The Discovery Xenon Flash DXF 200 employs a High Speed Xenon-pulse Delivery source (HSXD) with considerably lower cost and less maintenance than a laser and generates equivalent results. A reflective optic configuration of our design effectively harnesses the power of a Xenon flash tube and, with the aid of proprietary wave guides, delivers it to the specimen inside the Environmental Module. DXF 200 produces a pulse width that is shorter (400 μs to 600 μs) than many commercial laser-based systems, while uniformly concentrating sufficient power from the flash source directly on the entire face of the specimen. Due to this optimized optical arrangement and the broad light spectrum, specimens as large as 25 mm in diameter can be illuminated with sufficient energy to make a high-accuracy measurement. The use of large samples diminishes errors associated with inhomogeneity and permits representative measurements of poorly dispersed composites.
A sub-ambient test system, DXF 200 uses an efficient liquid nitrogen cooling mechanism to provide accurate and stable temperature control from -150 °C to 200 °C in air or inert gas.
At this temperature traditional IR detectors exhibit poor sensitivity at low temperatures. To overcome this limitation, the DXF 200 employs a solid-state detector that enables high-sensitivity measurements under cryogenic conditions.
All Discovery Flash source modules employ full-time pulse mapping and recording capability. This allows for precise pulse-shape and pulse-width correction calculations and the most accurate determination of the t0.
The Discovery Flash data analysis software also employs the latest methods for heat loss corrections. The Clark and Taylor and Curve Fitting algorithms are utilized as the most accurate general purpose procedure to determine thermal diffusivity based on the finite pulse width, radiation heat losses, and non-isothermal local sample conditions. Additionally, more than 20 different analysis models and correction programs are incorporated into the software, providing the highest accuracy for all material types.

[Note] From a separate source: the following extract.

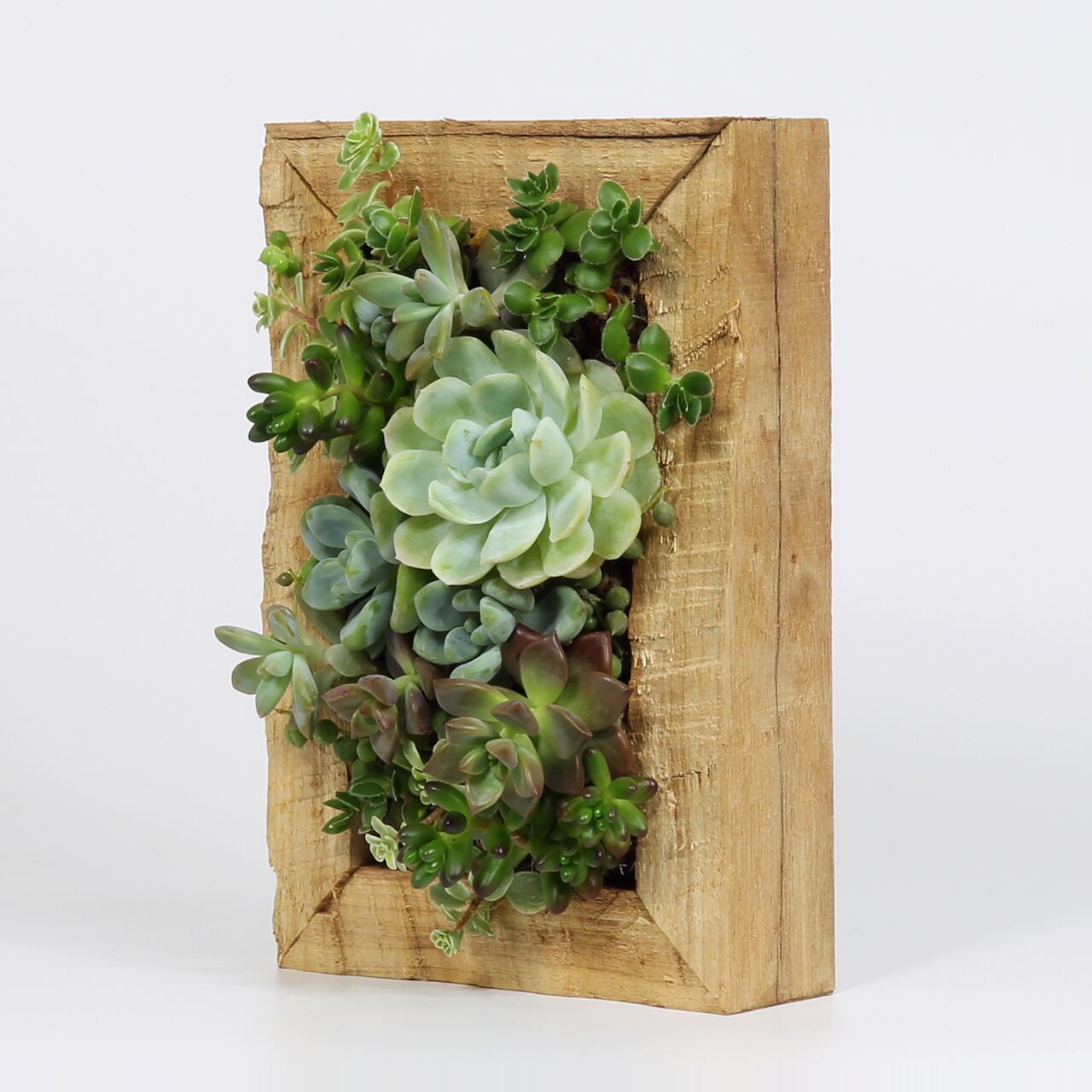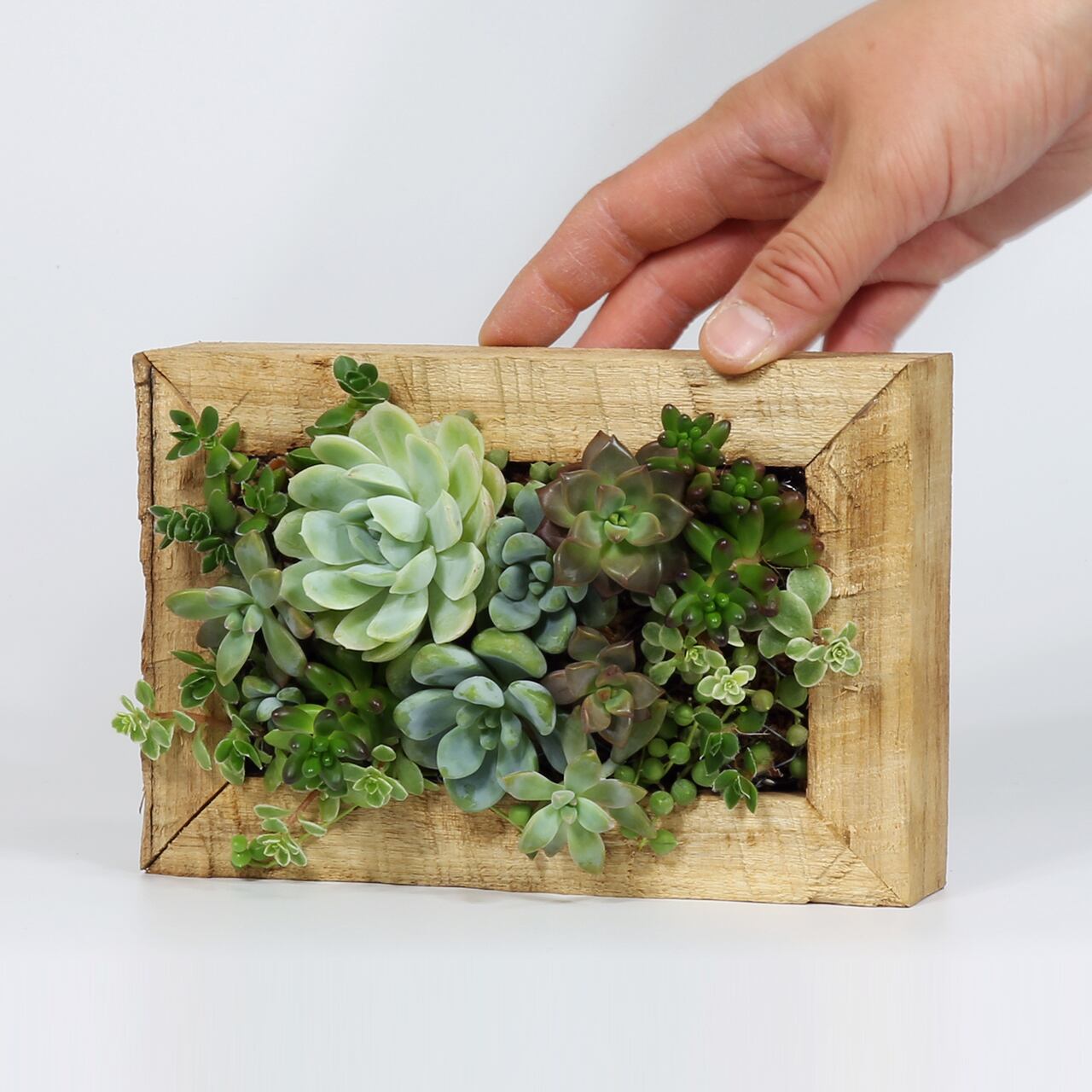 天然木のオリジナル額縁を使用した多肉植物の寄せ植えアートフレームです。人気の可愛らしい多肉植物の寄せ植えを額装したデザインなのでお祝いやプレゼントにもおすすめです。立てたり壁掛けとしても飾れるので、レイアウトの幅も広いのが特徴です。

The DXF 200 employs a proprietary solid-state PIN detector, providing unprecedented accuracy at room temperature and the ability to precisely measure the thermal diffusivity at temperature lower than any IR detector-based system. The signal-to-noise ratio for the solid-state PIN detector at -150°C is more than 5 times greater than for a traditional IR detector at room temperature.
Standard and Universal
Standard and Universal
The flash method is widely accepted and is documented in ASTM E1461, ASTM E2585, DIN EN821, DIN 30905, ISO 22007-4:2008, and ISO 18755:2005. All TA Instruments Discovery Flash instruments conform to these standards and can be relied on to produce accurate, repeatable results that can be easily compared between laboratories.